## [Work task]
Go through the listing below and write out exactly the lines from the one that mentions "Branchen & Suchbegriffe" through the one that mentions "KitchenAid Albany Dishcloth", minus the pictures.

## [Excerpted data]
*****

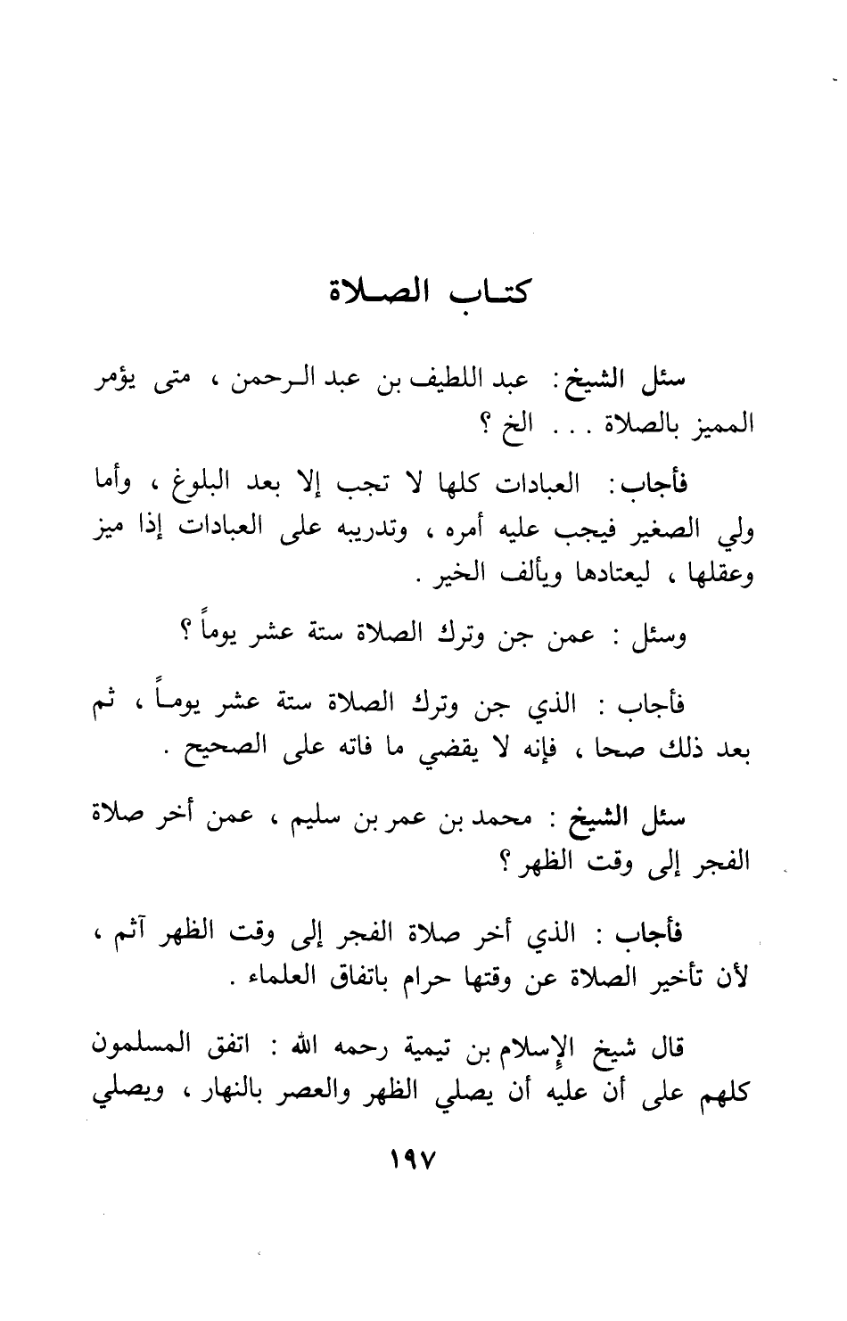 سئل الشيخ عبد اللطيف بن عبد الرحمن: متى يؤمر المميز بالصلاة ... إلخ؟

*****

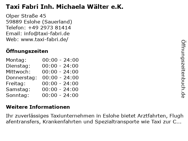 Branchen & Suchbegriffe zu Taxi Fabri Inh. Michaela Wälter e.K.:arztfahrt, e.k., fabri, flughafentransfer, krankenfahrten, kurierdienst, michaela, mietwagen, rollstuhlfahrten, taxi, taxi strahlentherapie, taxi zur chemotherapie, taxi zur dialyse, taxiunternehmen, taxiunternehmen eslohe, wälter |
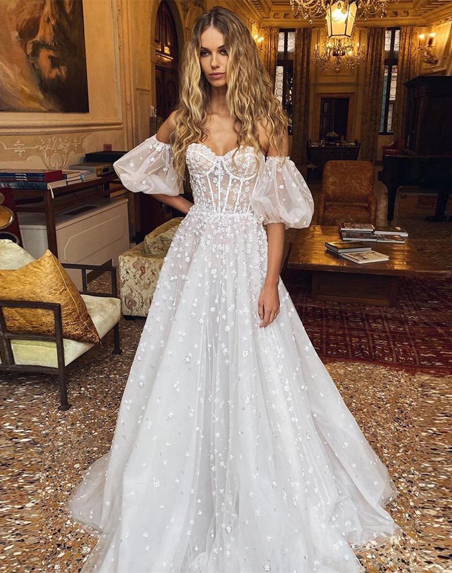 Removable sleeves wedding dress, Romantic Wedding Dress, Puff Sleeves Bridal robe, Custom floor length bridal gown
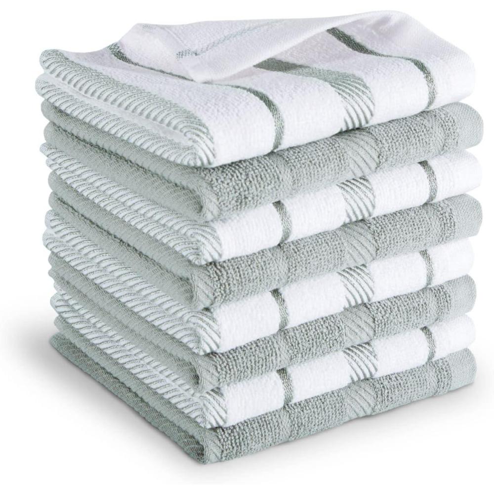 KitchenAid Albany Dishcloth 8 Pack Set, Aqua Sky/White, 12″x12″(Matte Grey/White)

*****

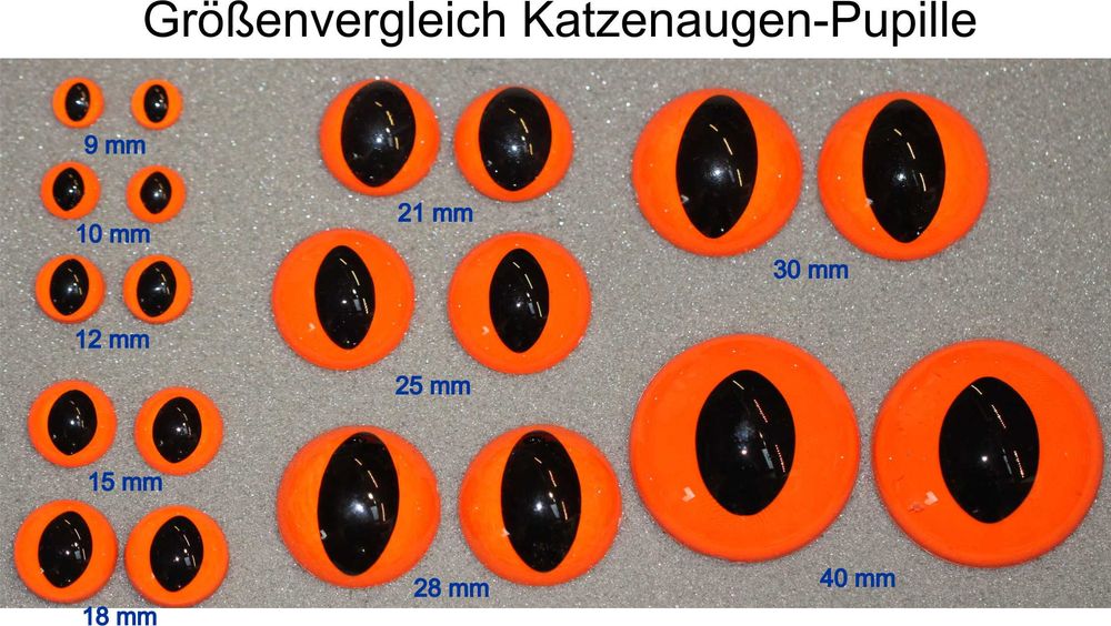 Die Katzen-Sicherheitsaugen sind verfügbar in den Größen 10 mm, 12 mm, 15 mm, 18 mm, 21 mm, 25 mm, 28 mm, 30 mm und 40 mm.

*****

## [Task output]
 Branchen & Suchbegriffe zu Taxi Fabri Inh. Michaela Wälter e.K.:arztfahrt, e.k., fabri, flughafentransfer, krankenfahrten, kurierdienst, michaela, mietwagen, rollstuhlfahrten, taxi, taxi strahlentherapie, taxi zur chemotherapie, taxi zur dialyse, taxiunternehmen, taxiunternehmen eslohe, wälter |
 Removable sleeves wedding dress, Romantic Wedding Dress, Puff Sleeves Bridal robe, Custom floor length bridal gown
 KitchenAid Albany Dishcloth 8 Pack Set, Aqua Sky/White, 12″x12″(Matte Grey/White)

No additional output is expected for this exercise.